Please repeat only the lines below starting at the line that holds "Жакет женский из" and ending at the line that holds "5月7日,有网友发视频称,位", exactly, with both of those lines included and every picture omitted.

**Given information**

§

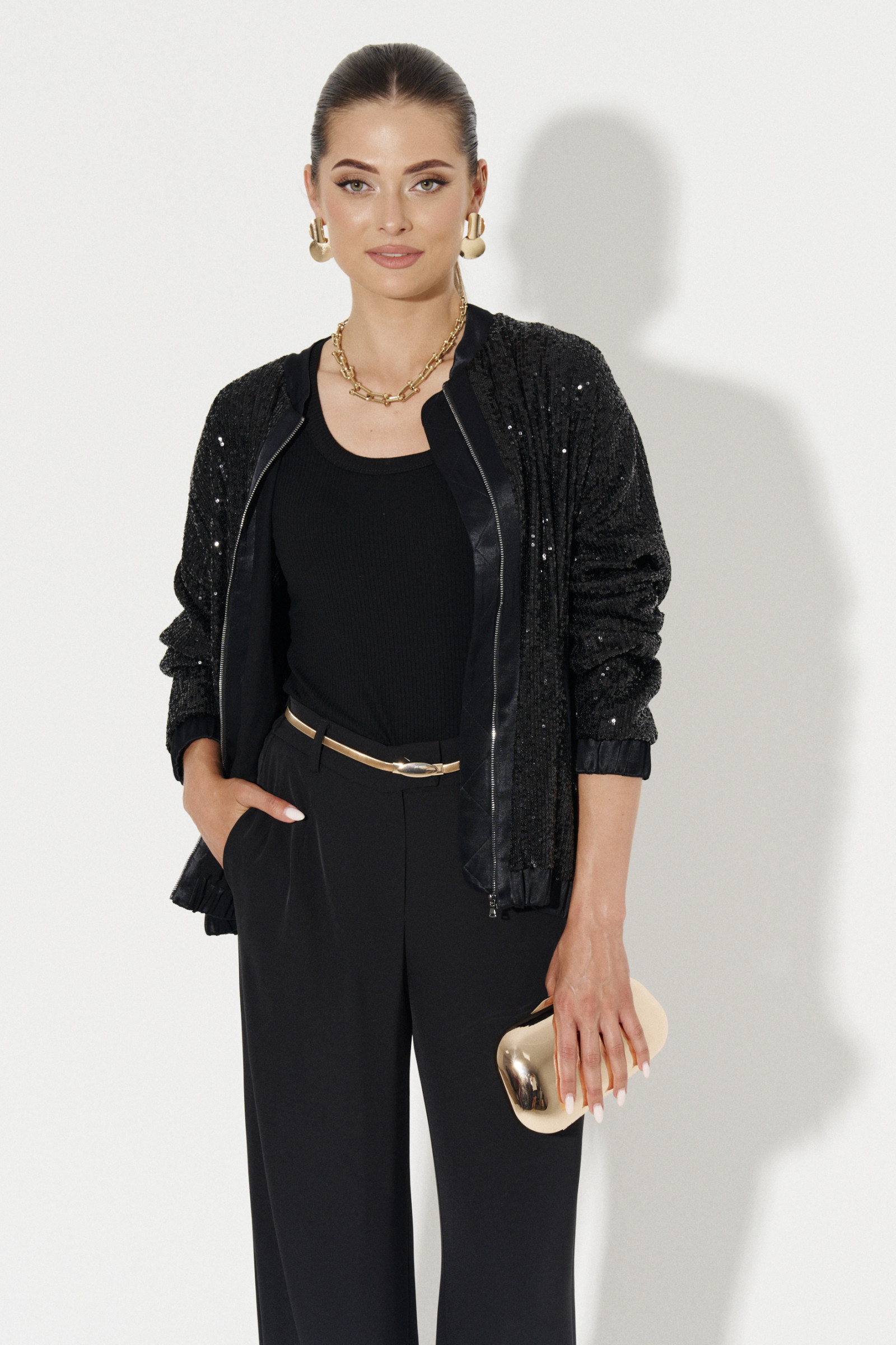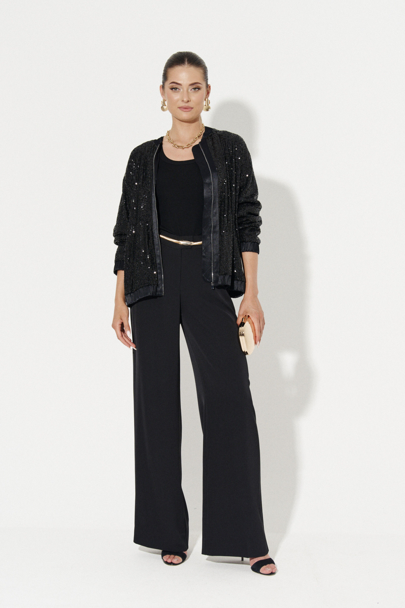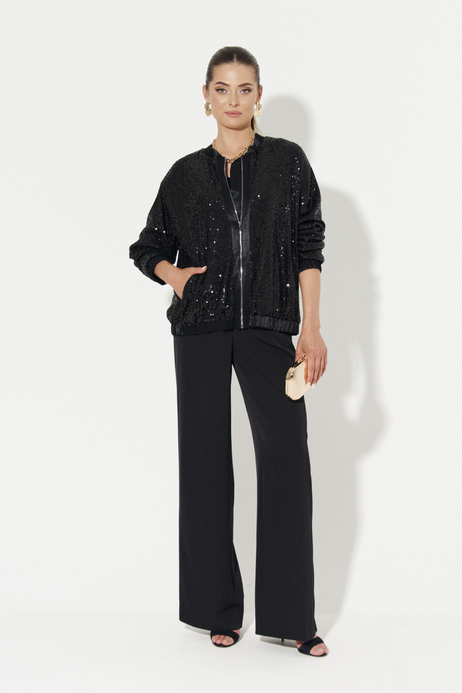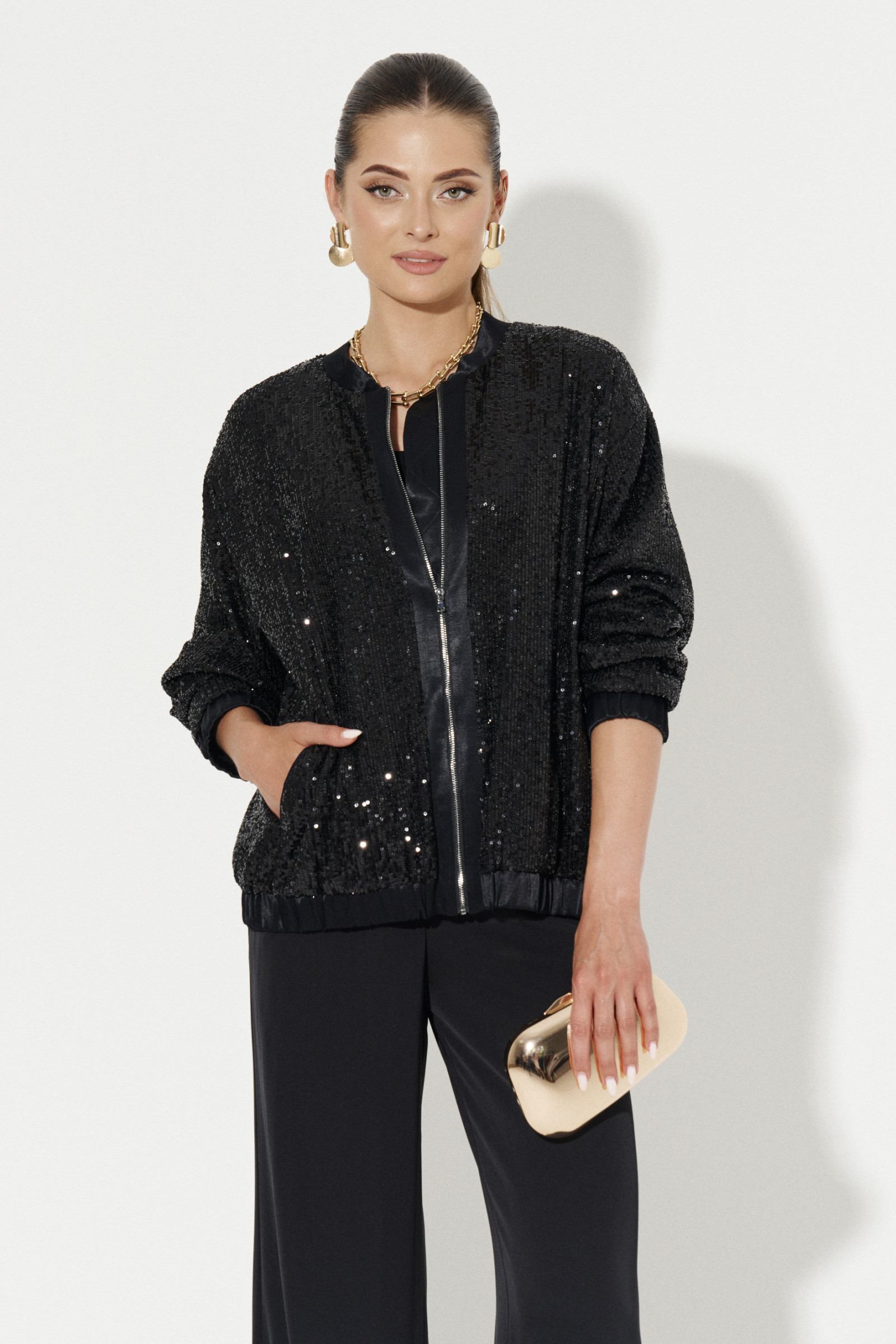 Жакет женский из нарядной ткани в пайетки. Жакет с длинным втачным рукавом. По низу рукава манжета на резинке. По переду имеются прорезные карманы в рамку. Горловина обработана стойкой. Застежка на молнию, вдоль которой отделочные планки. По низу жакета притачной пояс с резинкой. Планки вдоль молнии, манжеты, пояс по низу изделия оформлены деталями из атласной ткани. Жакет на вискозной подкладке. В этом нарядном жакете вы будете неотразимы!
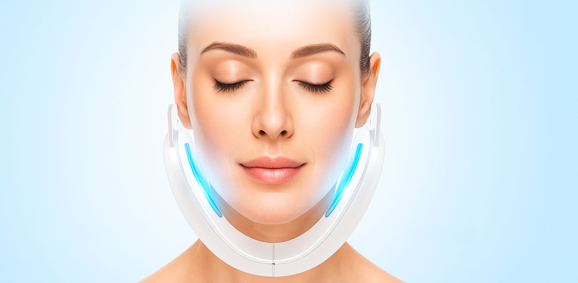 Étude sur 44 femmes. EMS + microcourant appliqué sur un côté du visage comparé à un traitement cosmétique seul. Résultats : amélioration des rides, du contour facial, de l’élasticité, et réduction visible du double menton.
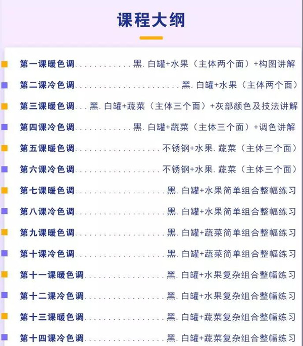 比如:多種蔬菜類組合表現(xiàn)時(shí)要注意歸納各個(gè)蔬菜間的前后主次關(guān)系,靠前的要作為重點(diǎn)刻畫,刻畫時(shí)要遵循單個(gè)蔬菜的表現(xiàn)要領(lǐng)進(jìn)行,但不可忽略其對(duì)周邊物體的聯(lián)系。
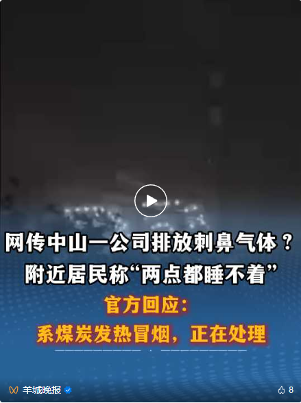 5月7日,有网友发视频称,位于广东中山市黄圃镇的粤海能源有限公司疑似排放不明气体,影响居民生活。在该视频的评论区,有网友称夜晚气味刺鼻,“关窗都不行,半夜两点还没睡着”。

§

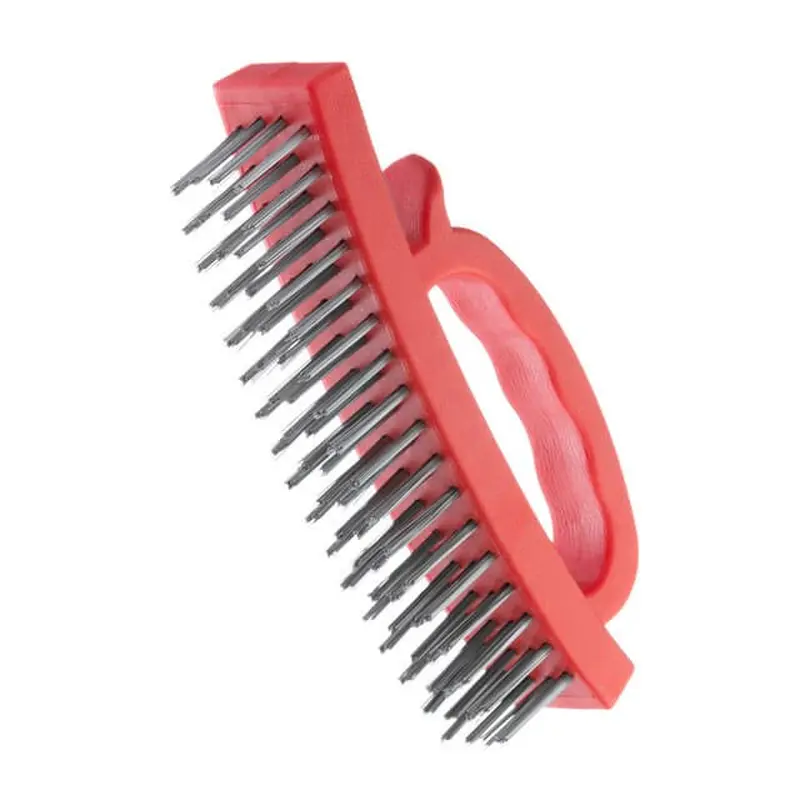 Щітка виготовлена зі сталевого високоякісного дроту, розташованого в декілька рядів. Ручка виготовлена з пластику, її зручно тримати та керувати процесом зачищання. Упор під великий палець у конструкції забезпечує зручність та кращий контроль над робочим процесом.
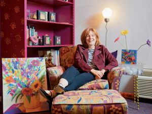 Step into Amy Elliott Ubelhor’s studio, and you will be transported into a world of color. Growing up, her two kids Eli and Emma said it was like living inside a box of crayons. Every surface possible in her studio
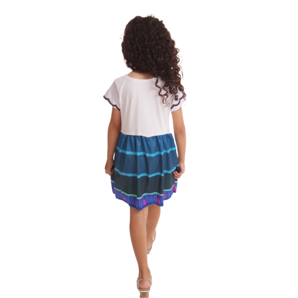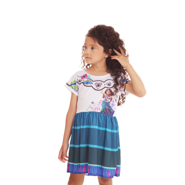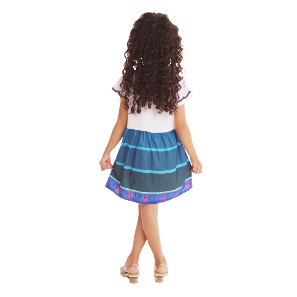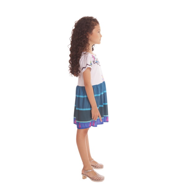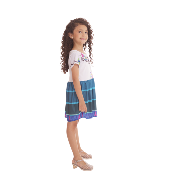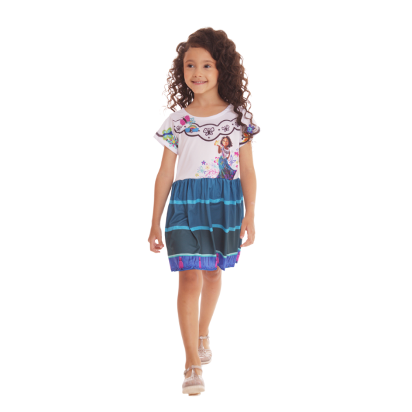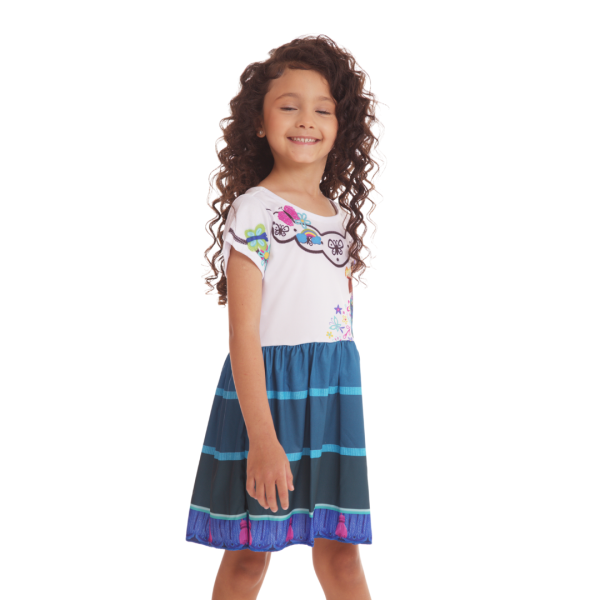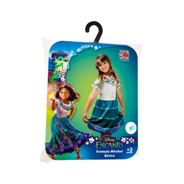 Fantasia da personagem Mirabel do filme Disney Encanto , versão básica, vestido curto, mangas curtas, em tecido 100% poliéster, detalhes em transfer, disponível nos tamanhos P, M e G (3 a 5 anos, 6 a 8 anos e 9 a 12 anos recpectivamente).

§

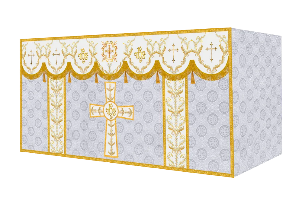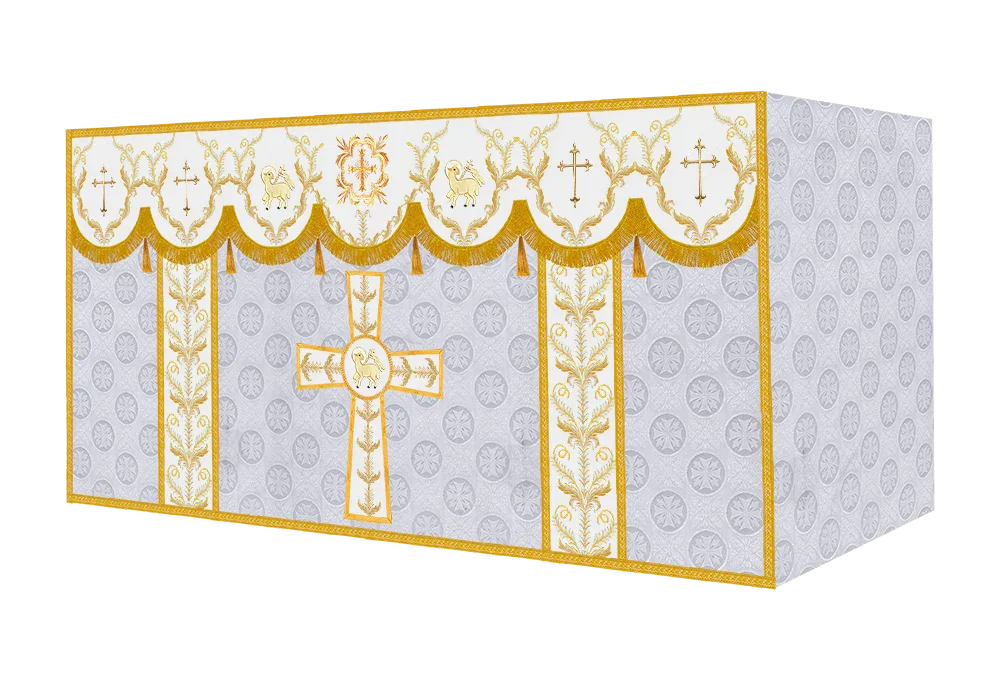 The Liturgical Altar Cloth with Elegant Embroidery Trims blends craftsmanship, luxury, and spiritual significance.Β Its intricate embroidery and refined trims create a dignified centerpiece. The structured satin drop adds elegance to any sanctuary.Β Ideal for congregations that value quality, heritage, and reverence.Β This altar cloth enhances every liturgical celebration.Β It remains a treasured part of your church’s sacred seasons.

§

**Task response**
 Жакет женский из нарядной ткани в пайетки. Жакет с длинным втачным рукавом. По низу рукава манжета на резинке. По переду имеются прорезные карманы в рамку. Горловина обработана стойкой. Застежка на молнию, вдоль которой отделочные планки. По низу жакета притачной пояс с резинкой. Планки вдоль молнии, манжеты, пояс по низу изделия оформлены деталями из атласной ткани. Жакет на вискозной подкладке. В этом нарядном жакете вы будете неотразимы!
 Étude sur 44 femmes. EMS + microcourant appliqué sur un côté du visage comparé à un traitement cosmétique seul. Résultats : amélioration des rides, du contour facial, de l’élasticité, et réduction visible du double menton.
 比如:多種蔬菜類組合表現(xiàn)時(shí)要注意歸納各個(gè)蔬菜間的前后主次關(guān)系,靠前的要作為重點(diǎn)刻畫,刻畫時(shí)要遵循單個(gè)蔬菜的表現(xiàn)要領(lǐng)進(jìn)行,但不可忽略其對(duì)周邊物體的聯(lián)系。
 5月7日,有网友发视频称,位于广东中山市黄圃镇的粤海能源有限公司疑似排放不明气体,影响居民生活。在该视频的评论区,有网友称夜晚气味刺鼻,“关窗都不行,半夜两点还没睡着”。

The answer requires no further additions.